On Saturday September 20, 2003 civil unrest broke out in Malé, the capital city of the Maldives. This unrest was provoked by the death of Hassan Evan Naseem at Maafushi Prison – located on a separate inhabited island – and the subsequent shooting at the same prison, that killed 3 and injured 17 others.

Many government buildings, vehicles and other public properties were set on fire, some were destroyed. The government controlled the unrest by around 23:00 and declared a State of Emergency in Malé and nearby islands. Late night curfews were enforced from 22:00 to 04:30 in Malé for more than a month following the rioting.

==Naseem's death==

On Friday September 19, 2003, Naseem, who was serving at Maafushi Jail for drug abuse related offenses, was beaten by the NSS personnel of the security unit in the jail. This led to Naseem's death the following day. The beating came about as punishment for the disturbances from complicated disputes between Naseem's inmates and "neighboring" prisoners. To control the disturbances caused by these disputes (and reportedly to investigate this incident) security personnel came with a list of "troublemakers". Though it is said that, Naseem was not involved in the above-mentioned incident his name appeared on the list. The security guards then had gone in to round-up the listed prisoners.

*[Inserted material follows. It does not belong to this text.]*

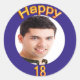 Um adesivo para uma 18ª festa de aniversário para caras. Modelo para sua foto. Fundo azul e texto: 18. O texto é escrito com um guião de balão de ouro falso de tendência.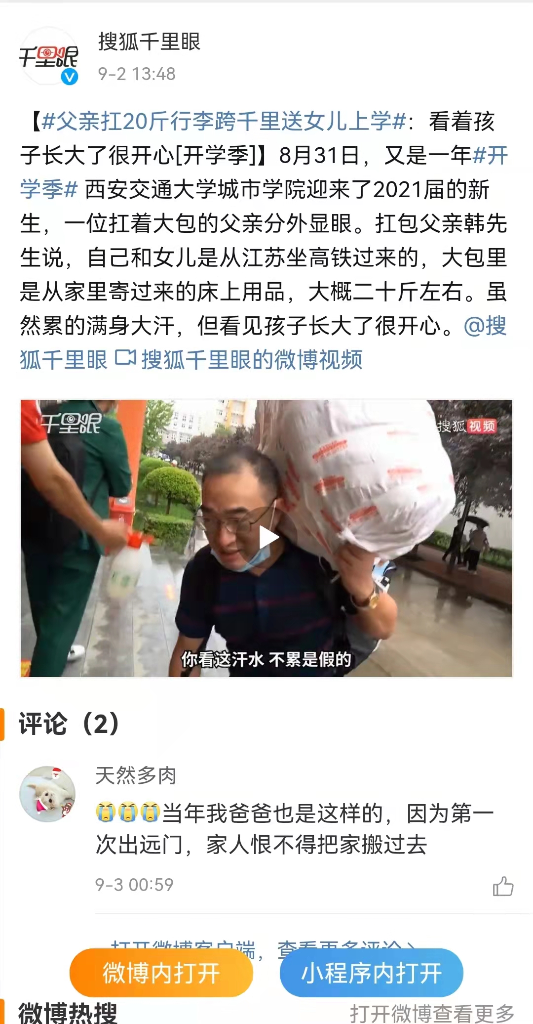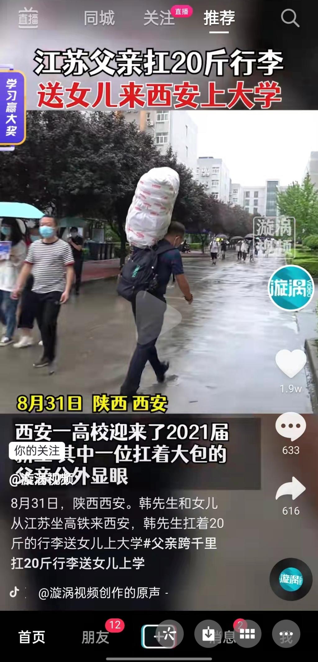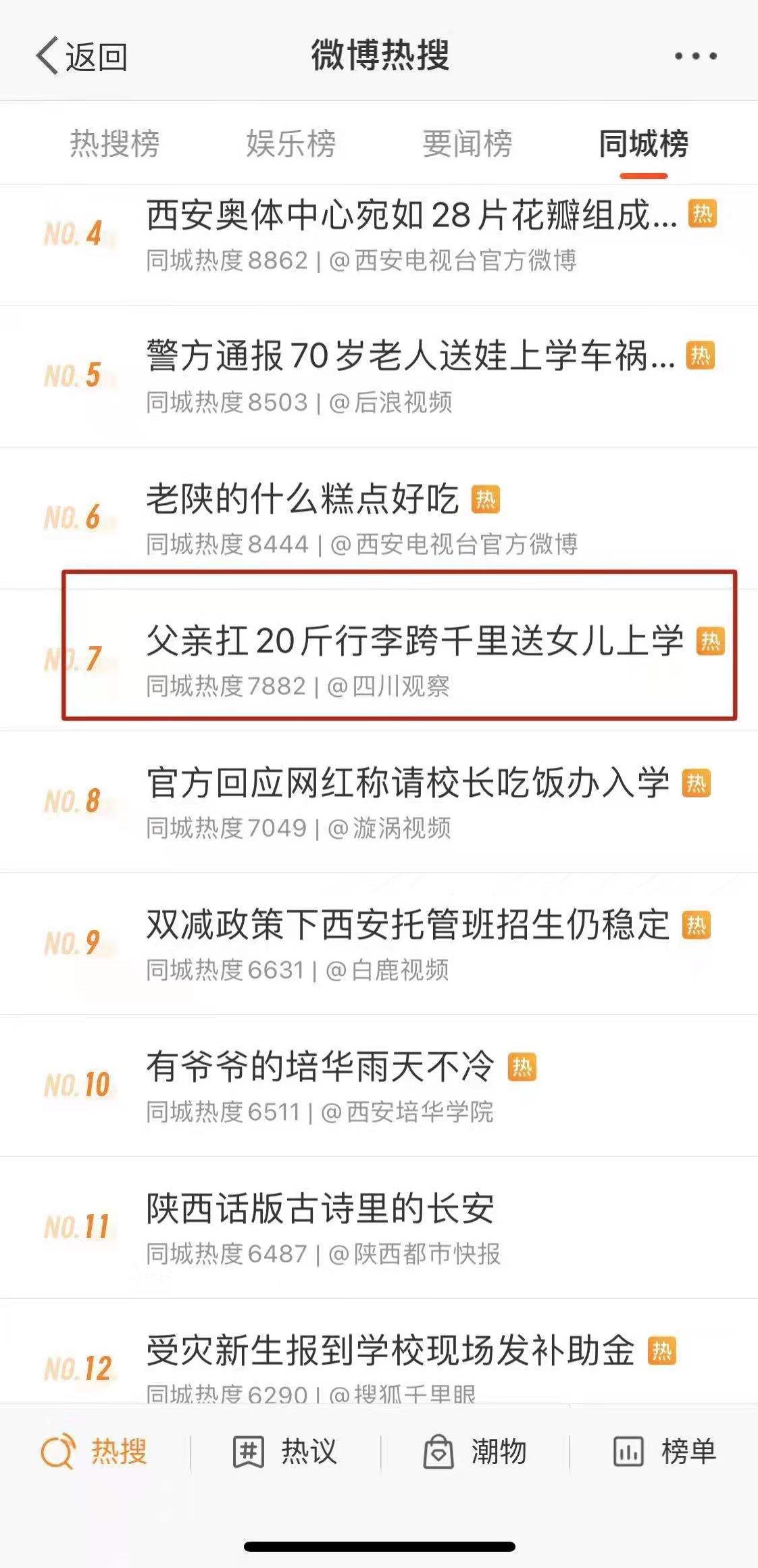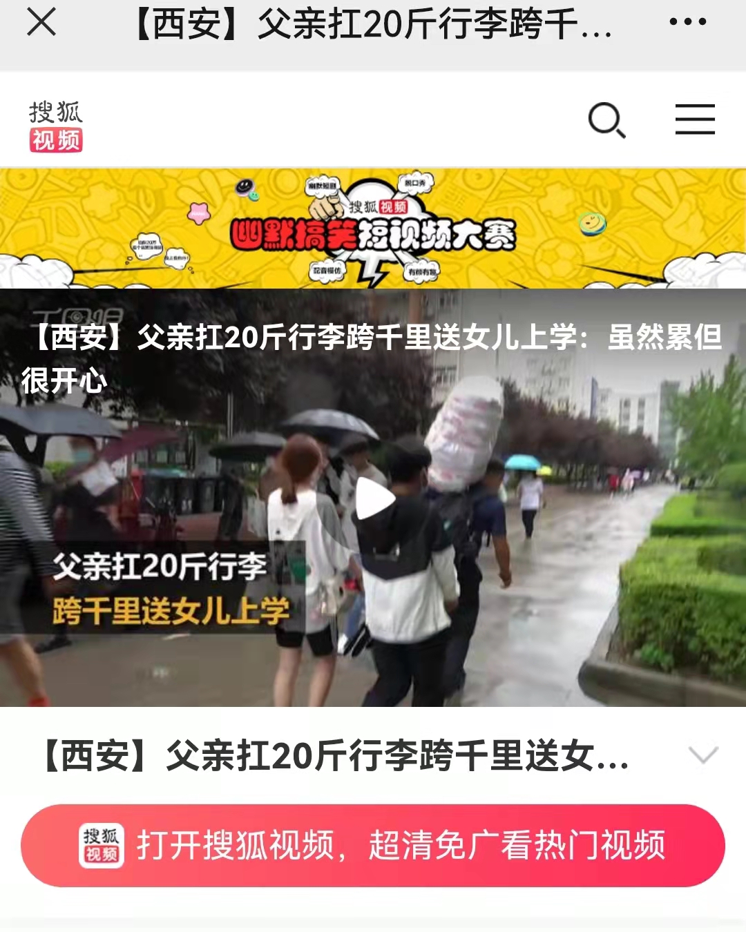 9月2日,搜狐视频、搜狐千里眼、漩涡视频抖音号报道了学院新生报到情况。内容为我院新生家长送女上学视频,网络累计阅读量超10万,登上同城热搜第七位。

Naseem had resisted and had refused to leave his cell, demanding reasons for his summoning. This resistance ended up injuring a security guard which led to numerous members of the security unit storming into the cell. Naseem was then moved to solitary confinement (referred to as "The Range"). On the same night he was severely beaten up by 12 officers. He died in the early morning of September 20, 2003, largely due to injuries sustained to his lungs from the beating.

==Shooting incident==
Inmates of Naseem learned of his death at around 11:00 on 20 September 2003. On receiving this news, they demanded to meet with a Security officer from the Department of Corrections. There was no response to these repeated demands. Some of the prisoners refused to take lunch to reflect their concern about Naseem's death.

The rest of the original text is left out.